Records to process:
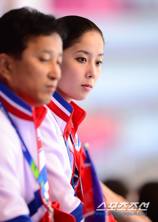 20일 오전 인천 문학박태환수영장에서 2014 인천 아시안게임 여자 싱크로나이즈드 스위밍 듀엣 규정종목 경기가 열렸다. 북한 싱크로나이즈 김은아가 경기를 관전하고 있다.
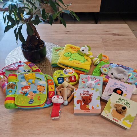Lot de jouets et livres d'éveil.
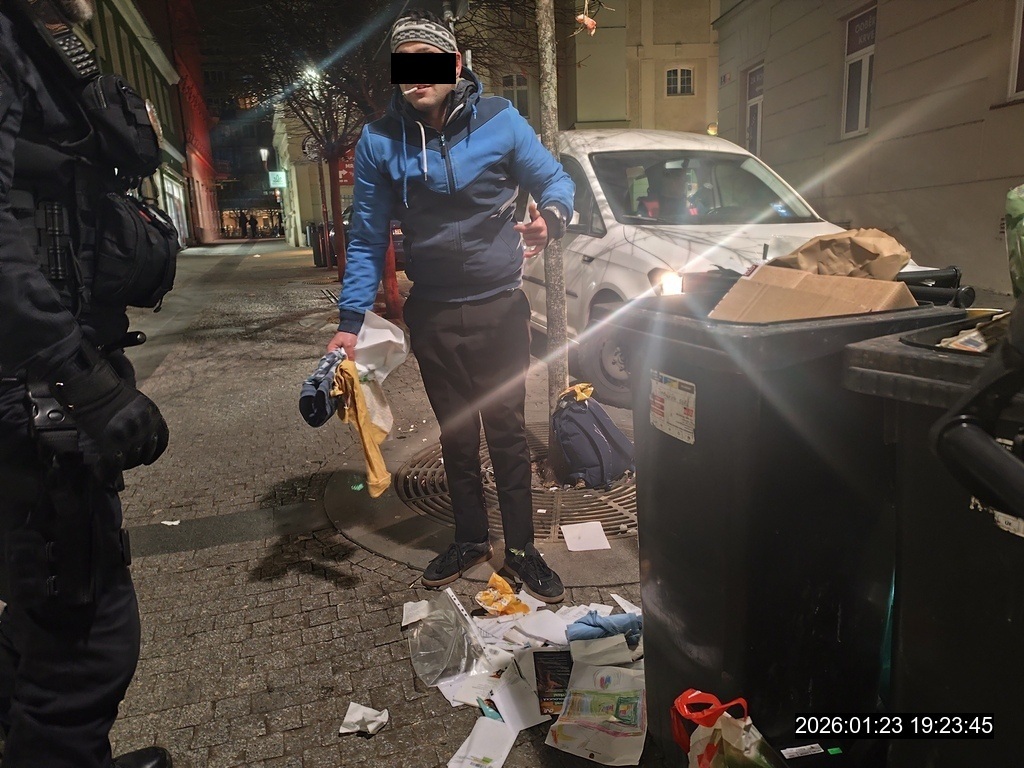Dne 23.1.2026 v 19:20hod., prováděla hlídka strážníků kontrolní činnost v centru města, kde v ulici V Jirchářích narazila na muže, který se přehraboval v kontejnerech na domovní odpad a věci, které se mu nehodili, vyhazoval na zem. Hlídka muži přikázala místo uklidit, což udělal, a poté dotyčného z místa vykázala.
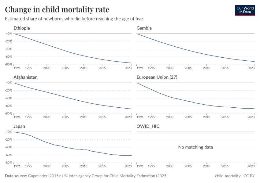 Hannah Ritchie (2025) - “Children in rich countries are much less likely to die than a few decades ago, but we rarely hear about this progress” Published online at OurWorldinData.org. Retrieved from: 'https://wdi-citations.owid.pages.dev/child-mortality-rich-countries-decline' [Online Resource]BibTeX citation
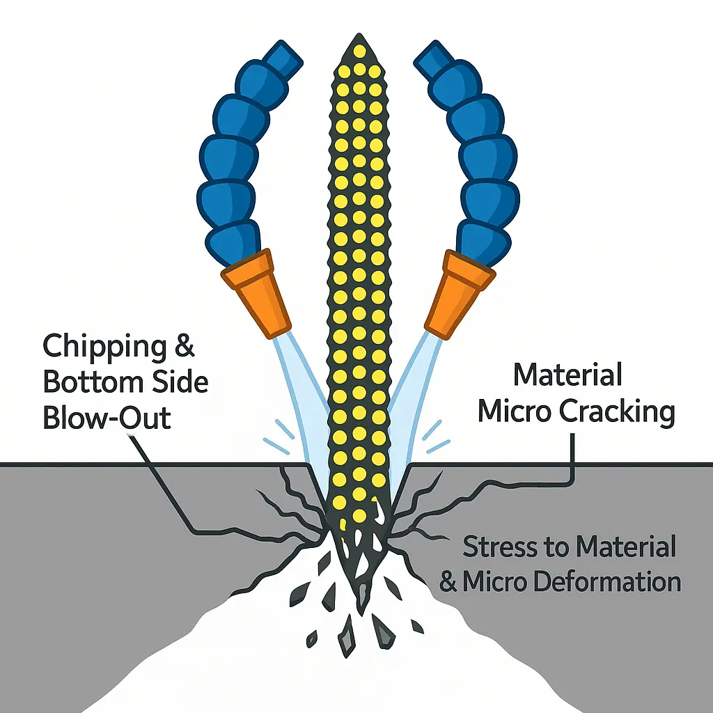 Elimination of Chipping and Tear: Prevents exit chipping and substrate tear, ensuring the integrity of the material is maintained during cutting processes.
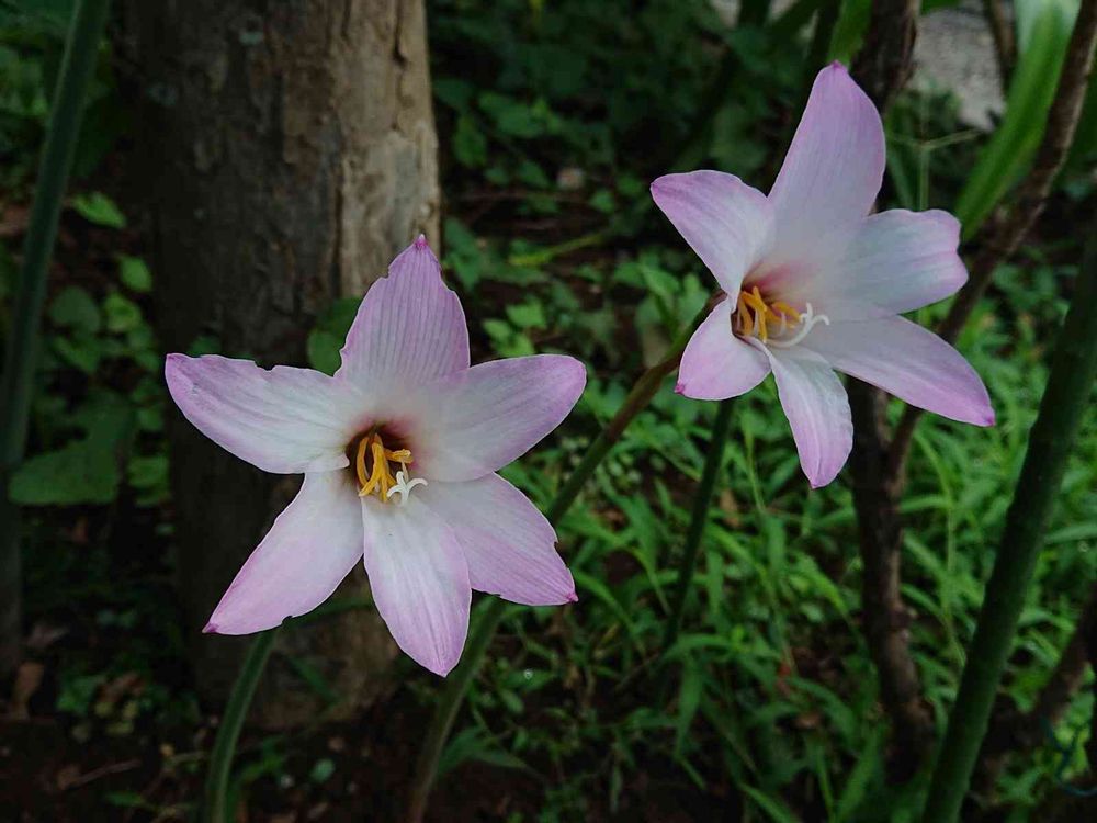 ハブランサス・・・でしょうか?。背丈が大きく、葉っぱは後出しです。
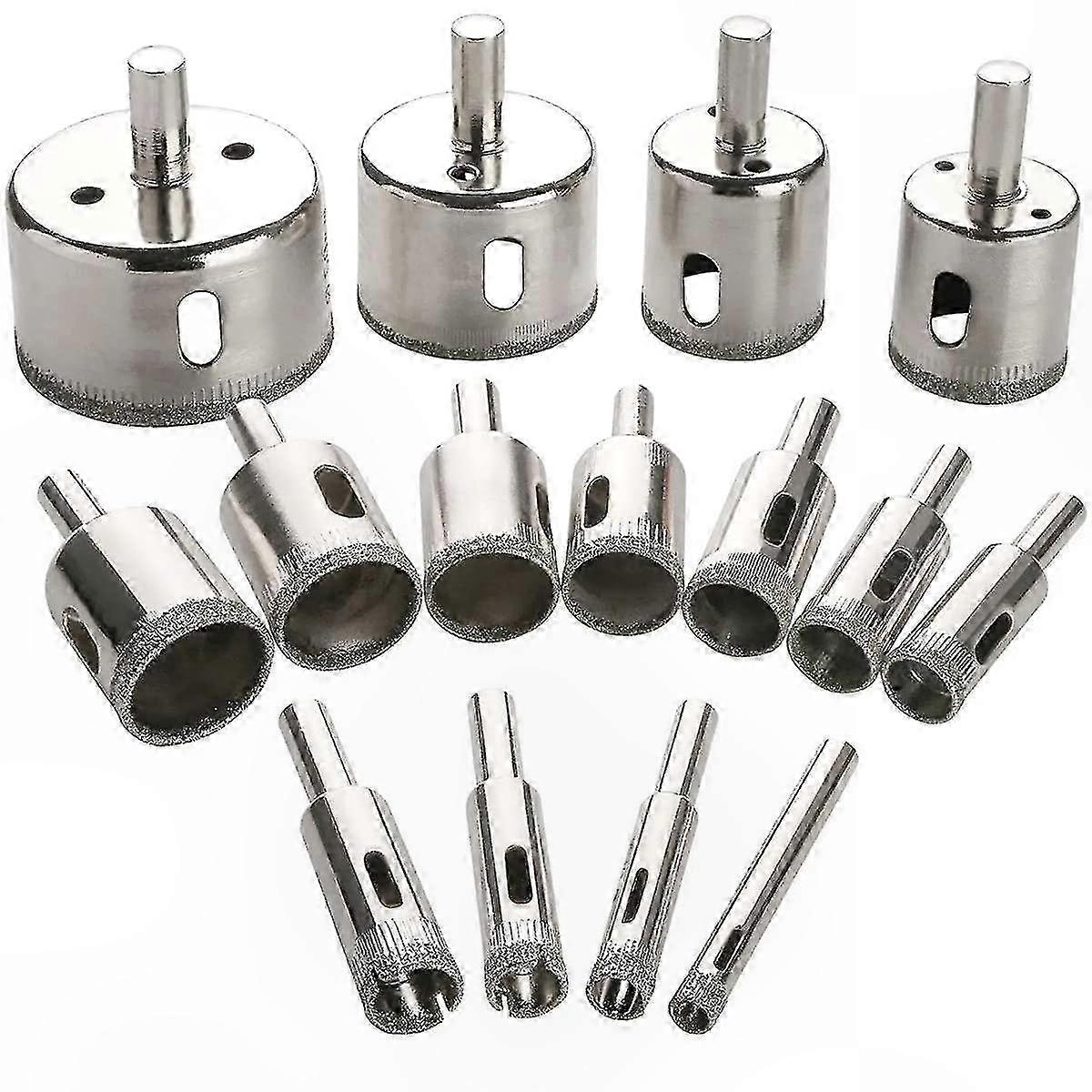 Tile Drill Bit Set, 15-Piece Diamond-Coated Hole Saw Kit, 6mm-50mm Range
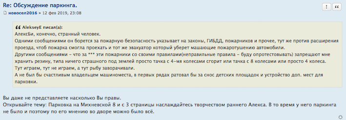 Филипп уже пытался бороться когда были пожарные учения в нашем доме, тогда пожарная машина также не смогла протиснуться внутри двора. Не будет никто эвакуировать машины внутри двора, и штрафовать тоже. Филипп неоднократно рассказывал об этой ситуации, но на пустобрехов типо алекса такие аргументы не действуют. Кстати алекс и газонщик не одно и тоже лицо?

What you should do: Repeat every record above exactly. The pictures do not belong in the copy.

Exercise response:
 20일 오전 인천 문학박태환수영장에서 2014 인천 아시안게임 여자 싱크로나이즈드 스위밍 듀엣 규정종목 경기가 열렸다. 북한 싱크로나이즈 김은아가 경기를 관전하고 있다.
Lot de jouets et livres d'éveil.
Dne 23.1.2026 v 19:20hod., prováděla hlídka strážníků kontrolní činnost v centru města, kde v ulici V Jirchářích narazila na muže, který se přehraboval v kontejnerech na domovní odpad a věci, které se mu nehodili, vyhazoval na zem. Hlídka muži přikázala místo uklidit, což udělal, a poté dotyčného z místa vykázala.
 Hannah Ritchie (2025) - “Children in rich countries are much less likely to die than a few decades ago, but we rarely hear about this progress” Published online at OurWorldinData.org. Retrieved from: 'https://wdi-citations.owid.pages.dev/child-mortality-rich-countries-decline' [Online Resource]BibTeX citation
 Elimination of Chipping and Tear: Prevents exit chipping and substrate tear, ensuring the integrity of the material is maintained during cutting processes.
 ハブランサス・・・でしょうか?。背丈が大きく、葉っぱは後出しです。
 Tile Drill Bit Set, 15-Piece Diamond-Coated Hole Saw Kit, 6mm-50mm Range
 Филипп уже пытался бороться когда были пожарные учения в нашем доме, тогда пожарная машина также не смогла протиснуться внутри двора. Не будет никто эвакуировать машины внутри двора, и штрафовать тоже. Филипп неоднократно рассказывал об этой ситуации, но на пустобрехов типо алекса такие аргументы не действуют. Кстати алекс и газонщик не одно и тоже лицо?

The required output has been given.